Asking my grandmother why she had to be taken away from her actual mother made her think.
Being so young, she did know was that she was a single mother that she didn’t have much
income. She was a housekeeper, but when she took my grandmother back to the hospital and the
doctors saw the type of condition she was in, with rickets, and they decided to take her away
from her birth mother. Then when she was six almost seven-years-old when she was adopted by
Lina and Herman Munck and lived on 41 Spring Road, North Haven. She stayed with them till
she was in her 20s to then proceed to never go to college but went straight into the workforce at
Seacole's and Rockbestice Wire and Cable. She worked at Seacole's maybe 2-3 years, then
worked at Rockbestice for five years. It’s then when she met her husband Milton Strobel and
lived on Mixed Ave. in Hamden. Then she was expecting her first kid, so her and her husband
moved to Humphrey Street. And then they stayed there for three years. Almost done with all the
moving in her life, she moved up to Enfield because her husband got a job in East Granby; where
they stayed for nine years. From there, they decided to move to 265 Pine Tree Drive, Orange CT.

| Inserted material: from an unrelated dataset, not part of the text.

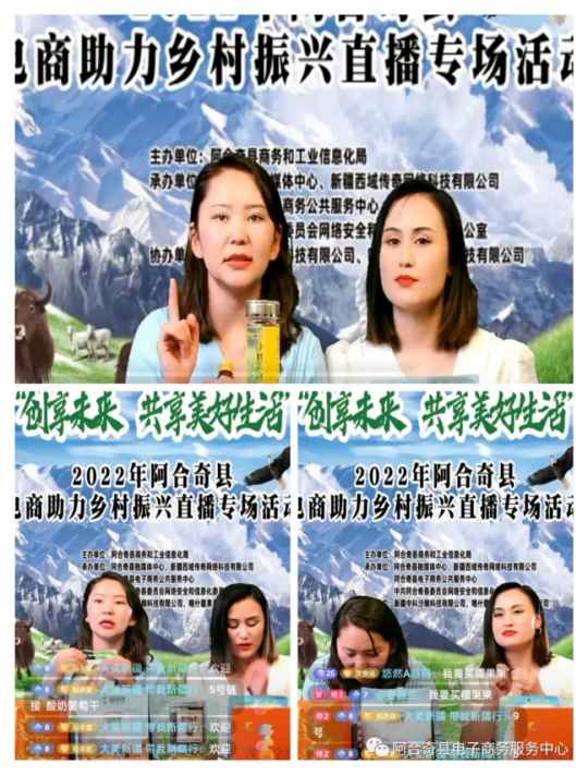 通过县域5名网红的共同努力下完成哈拉奇乡刺绣产品直播带货20余万元:色乡喀拉布隆村土豆直播带货2.7吨、杏子直播0.5吨。县域羊肉直播带货0.2吨。沙棘系列饮料直播带货8730元的好成绩。

She and her husband have been living there ever since.

Growing up I always called my grandma “Oma,” which means grandmother in German,


but the irony of me calling her that is, all my life we don’t know if she is German, but we do
know her birth mother was Jewish. She was born in the thick of WWII that happened from 1939
to 1945 which involved the vast majority of the world's countries, one of them being Germany.
On her birth certificate it says her father was from Mexico, but when trying to trace that back, the
result was inconclusive. When she was adopted by her birth mother to the Munck family, she
changed her name from Ramona Juanita Masquef to Carel Nancy Munck because her adoptive
family said it was too heathen and too Spanish from her parents going to South America and
Mexico before migrating to New York. So by changing her name to Munck which was of
German descent, growing up, she thought she was German, but a factor into her childhood was a
German living in America while the battle of WWII was going on.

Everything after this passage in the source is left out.